Mood tickets

“Red flags”: can you be too careful in love?

Can you be too careful in love?

It's kind of like being at an amusement park and watching other people go on roller coasters while you sit on a bench and hesitate. You know, you think, " what if i threw up? " Or " what if i was scared? "But while you're freaking out, most people are enjoying the adrenaline. Love is the same. If you wait for everything to be perfect, you might end up sitting on the sidelines watching other people have their own stories.

Caution or paranoia?

Okay, taking your time is cool. No one wants to end up in a relationship that's spiraling out of control like a bad B-movie. But if you start analyzing every smile, picking apart every text, every ellipse, or misplaced emoji, you're going to eat yourself up and never get your head above water. If you're constantly freaking out about making a mistake, you're going to miss out on all the fun.

For example, your crush takes three hours to respond to a message… Are you going to conclude that he’s not interested in you, or that he was just busy? The difference between caution and paranoia is the amount of room you give to the benefit of the doubt.

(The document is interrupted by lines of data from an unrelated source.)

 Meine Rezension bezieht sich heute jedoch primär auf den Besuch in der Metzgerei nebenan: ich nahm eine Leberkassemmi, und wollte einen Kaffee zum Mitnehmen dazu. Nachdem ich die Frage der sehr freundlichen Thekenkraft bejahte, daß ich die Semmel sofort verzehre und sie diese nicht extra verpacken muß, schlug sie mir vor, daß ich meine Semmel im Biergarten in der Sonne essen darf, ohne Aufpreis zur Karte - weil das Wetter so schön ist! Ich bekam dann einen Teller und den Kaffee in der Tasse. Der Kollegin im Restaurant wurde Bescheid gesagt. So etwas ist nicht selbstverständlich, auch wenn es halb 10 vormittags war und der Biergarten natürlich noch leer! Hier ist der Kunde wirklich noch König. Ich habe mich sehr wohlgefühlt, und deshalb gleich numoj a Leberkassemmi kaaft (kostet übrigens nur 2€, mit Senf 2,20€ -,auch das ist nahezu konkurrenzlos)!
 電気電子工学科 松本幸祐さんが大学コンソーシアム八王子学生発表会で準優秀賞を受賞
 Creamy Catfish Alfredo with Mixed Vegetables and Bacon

Because deep down, love is more like karaoke. You don't need to know how to sing like Celine Dion (well, if you want to, but it's not obligatory) for it to be great. You can sing out of tune, scream your lungs out until you lose your voice (like me at a party^^), and it will still be a great time.

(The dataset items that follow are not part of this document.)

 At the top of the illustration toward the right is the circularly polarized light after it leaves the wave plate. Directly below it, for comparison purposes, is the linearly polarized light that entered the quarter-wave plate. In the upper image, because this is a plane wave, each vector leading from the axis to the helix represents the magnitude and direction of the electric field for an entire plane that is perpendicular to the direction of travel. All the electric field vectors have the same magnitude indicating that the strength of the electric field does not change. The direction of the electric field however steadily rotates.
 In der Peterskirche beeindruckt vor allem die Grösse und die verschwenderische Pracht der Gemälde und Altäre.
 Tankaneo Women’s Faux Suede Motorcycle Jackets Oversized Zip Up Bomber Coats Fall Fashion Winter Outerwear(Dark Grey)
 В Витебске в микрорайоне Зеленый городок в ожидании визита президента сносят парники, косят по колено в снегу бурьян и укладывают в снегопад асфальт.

It's not the "I did things well" What matters is the energy you put into the song. If you freak out at every mistake, if you tell yourself "And if I send him this message at 3am, will he think I'm desperate?"…well you'll find yourself watching the others sing solos while you stand there, on the side, with your phone in your hands, wondering about every word.

Caution or total control?

Love isn't a math lesson where you have to calculate everything. If you try to perfect every moment, control every laugh, you risk missing out on what makes the story so magical: spontaneity. The unexpected moments when you make a huge mistake but it creates a hilarious memory. Like, sending a text without autocorrect, which is worth a slip of the tongue or saying something embarrassing (I will never stop thinking about my blunder with my crush at the time and my "I like thunderous balls" instead of saying "bubbles" and this dehope in my eyes facing a best friend in front of me, hilarious. TRUE STORY) .

And then, sometimes, the mistake is what makes you grow, and it's what makes the story unique and funny to tell. So, don't be afraid to sing out of tune and make mistakes. That's what will make it all unforgettable!

Then there is this obsession with controlling everything… If you say to yourself: "If I do everything right, if I'm perfect, nothing can go wrong.", you're just going to end up stressing out like crazy. Kind of like spending your day checking your watch and waiting for everything to happen exactly as you planned. Spoiler alert: in case you still don't know, love never happens like it does in the movies.

It's cooler when you let things happen without planning everything, right? Because sometimes, it's when things go a little crazy that it becomes epic. You know, those moments when you do something a little haphazardly, like sending a weird text at 2am or going on a trip with no specific plan, just to see where it leads. That's what makes adventure so great.

True happiness in love is not being afraid to let go a little, to say to yourself: “Okay, I might make mistakes, but at least I’ll be myself.”. So forget about total control.

Caution or obsession with the past?

And then, the past… Ah, that old ball and chain that we drag behind us, like a sack of stones. Everyone has had that story that went wrong or that time when we really messed up. And it’s normal to have traces of all that. But if you let this past dictate each new encounter, you’ll spend your time living in the shadow of past failures, and you’ll miss everything that’s beautiful and unexpected. It’s a bit like deciding to always look behind you while walking, preventing yourself from seeing the road ahead.

You don't have to carry the mistakes of old relationships on your shoulders like an unnecessary weight. Each new encounter is a blank page, a chapter where you can write whatever you want. It's not a remake of your last relationship. You can start from scratch, without having to repeat the same mistakes, relive the same disappointments. Of course, we all have our baggage and our wounds from the past. But the idea is not to let them dictate who you are today. It's to stop using them as an excuse not to move forward, not to rush towards what could be a great story.

The past is important to understand what we have learned, but it is not a recipe to follow for every new encounter. So, leave your suitcase where it is, empty it of everything that prevents you from moving forward, and go for it. Open yourself to what comes, without asking yourself what you could lose, but rather what you could gain.

What matters is now. Every encounter is an opportunity to discover something new, to surprise yourself and see where it takes you. Because the real magic is in the unknown, in what you don't know yet, in that feeling of newness that pushes you to take the plunge. So leave it behind and make every moment a unique chapter.

Anyway, caution is fine for a while, but love is not a well-planned plan. Sometimes, you just have to let go and live in the moment, even if you don't know where it's going. Love is a bit like an impromptu party: it can go off in all directions, but at least you're having a good time.